And I think it's important to note that the initial group, the Anti-Defamation League, the NAACP, Sleeping Giants, Color of Change, all of those groups, they weren't saying pause forever, they were saying for the month of July. And so, I think that's an important thing to note is, they're not saying none of these advertisers will ever come back to Facebook, but I guess it's maybe the inherent threat is they're saying, well, maybe we won't ever come back, but we are taking our money out right now. So, I think there's going to be some sort of compromise, some sort of meeting in the middle, because it's really a hard-to-beat platform. Even though I follow Pinterest, and I think Pinterest is a great place for these advertisers to go, I think that they will reach some sort of conclusion that, hopefully, will be beneficial to us as the consumers and will help moderate that hate speech.
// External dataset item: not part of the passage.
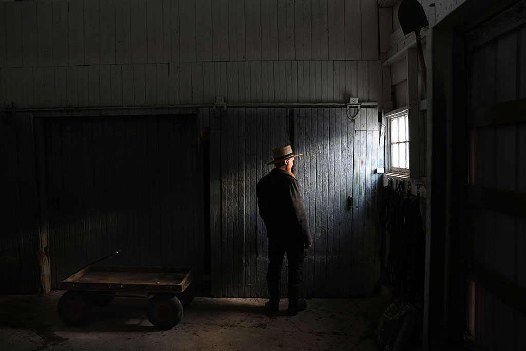 Van Sise spent nearly a week with Amish community member Sylvan Esh before Esh agreed to work with Van Sise on the photograph. Part of getting to know Esh included waking up at 4 a.m. several days in a row to milk his cows, Van Sise said. The Pennsylvania Dutch concept he ultimately depicted with Esh, dæafe, or to have permission to do something, is “extremely, unbelievably important in the culture,” Van Sise said.

Hill: Yeah, I'm glad you mentioned Pinterest, because one of my thoughts through all of this was, boy! If you're Pinterest, you know, you got to be calling some of [laughs] these companies up and saying, hey, we're not Facebook; we're not Twitter. You know, Starbucks, Coca-Cola, come on over here, let's have a conversation.
Gallagher: Exactly. And as a Pinterest shareholder, I would love for those conversations to happen. [laughs]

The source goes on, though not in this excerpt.